The Wolf Prize in Chemistry, 2021, will be awarded to two Weizmann Institute of Science researchers, Prof. Leslie Leiserowitz and Prof. Meir Lahav, both of the Molecular Chemistry and Materials Science Department. It is awarded for their collaborative establishment of the ”fundamental reciprocal influences of three-dimensional molecular structure upon structures of organic crystals.” In a series of dramatic experimental findings, the two proved, for the first time, that one can determine the spatial symmetry of a molecule, in particular the molecules of life, by understanding the morphology of the crystal in which the molecules are assembled and vice versa. These findings became the foundation of the field of stereochemistry of organic crystals, as well as leading to the solving of a 140-year-old riddle. That riddle first arose from the work of Louis Pasteur, who showed how crystals of the same material can mirror one another, but did not understand how this detail ultimately relates to the crystal’s structure.

The recipients of the Wolf Prizes for Science and Art, 2021, were announced on February 9, by the President of Israel, Reuven Rivlin, Israel’s education minister and Chairman of the Wolf Foundation, Yoav Galant, and acting Chair of the Wolf Foundation, Prof. Dan Schechtman, 2011 Nobel Laureate in Chemistry and Wolf Prize recipient in 1999. Due to corona restrictions, for the first time since 1978, there will not be an awards ceremony in the Knesset, but it will be personally delivered to the recipients by members of the Wolf Foundation.

One can determine the spatial symmetry of a molecule, in particular the molecules of life, by understanding the morphology of the crystal in which the molecules are assembled

The Wolf Prize is an annual award given to outstanding scientists and artists from around the world, in the interest of mankind and friendly relations among peoples. This prestigious award has been handed out for the past 43 years, to 354 leading scientists and artists (including the Institute’s Prof. Ada Yonath). This year, the $400,000 Prize will be divided between eight winners from five countries: the US, Italy, Austria, Uruguay and Israel.

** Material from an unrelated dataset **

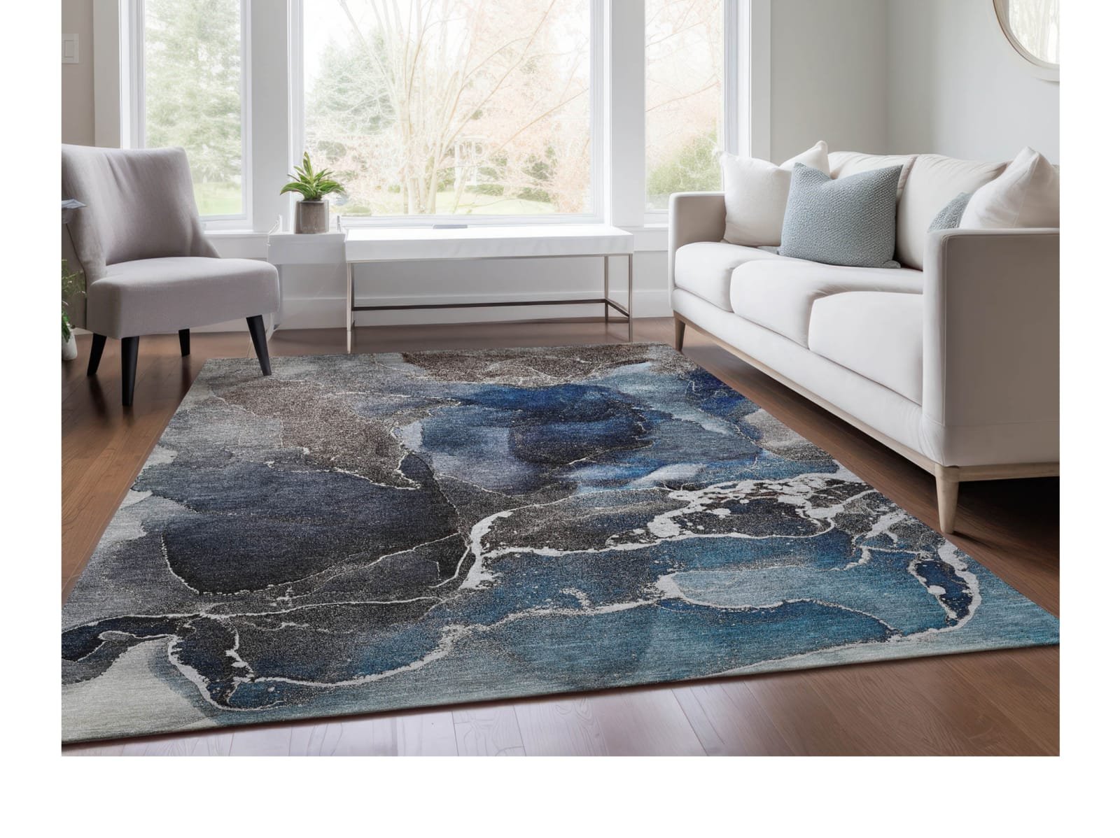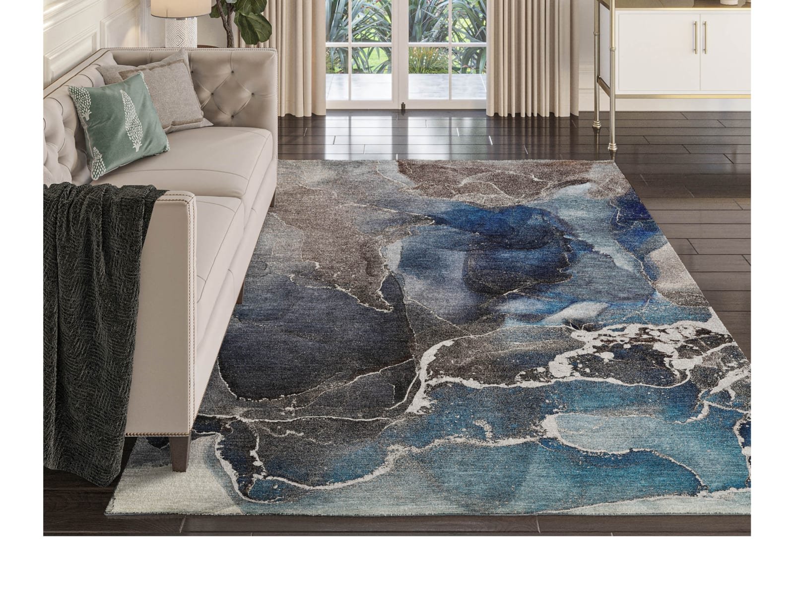 Dive into contemporary design with the Agate Azurite Rug, where alcohol ink-inspired artistry meets everyday functionality. This stunning area rug features soft tonal colors that create incredible visual movement, capturing and reflecting light in the most mesmerizing manner. The luxuriously soft and plush 100% polyester microfiber pile provides comfort as profound as its beauty, while its machine washable construction and indoor/outdoor versatility make it ideal for active households with families and pets. It’s proudly crafted with final finishing in the USA, making it a standout item for years to come. Make movement soft and resilient in your home with the Agate Azurite Rug!

The Wolf Prize announcement ceremony. Israel's President Reuven Rivlin

Prof. Leslie Leiserowitz was born in 1934 in Johannesburg, South Africa. He studied electrical engineering at the University of Cape Town and continued on to study the physics of diffraction, in this case, the method used to unravel the properties of crystal structures. In 1959, Leiserowitz made Aliyah to Israel and joined the Weizmann Institute of Science. It was at the Institute that he met Meir Lahav, who would become his future partner in numerous research projects. Lahav was born in Sofia, Bulgaria in 1936 and came to Israel with the declaration of statehood, in 1948. He attended a school for workers’ children in Northern Israel. Lahav studied chemistry and physics at the Hebrew University of Jerusalem, moving to the Weizmann Institute of Science in 1963 for his doctoral studies.

Among the many awards and honors they have received for their collaborative work, Leiserowitz and Lahav received Israel’s top honors, including an Israel Prize in chemistry and physics and an EMET Prize.

Education Minister Galant said of the two: “Prof. Leiserowitz and Prof. Lahav of the Weizmann Institute of Science have conferred great honor, this evening, on the State of Israel. Their success is the success of the whole State of Israel, and I am pleased that my colleagues on the committee selected them and realized the outstanding quality of their research, which led to the solution of a 140-year-old riddle.”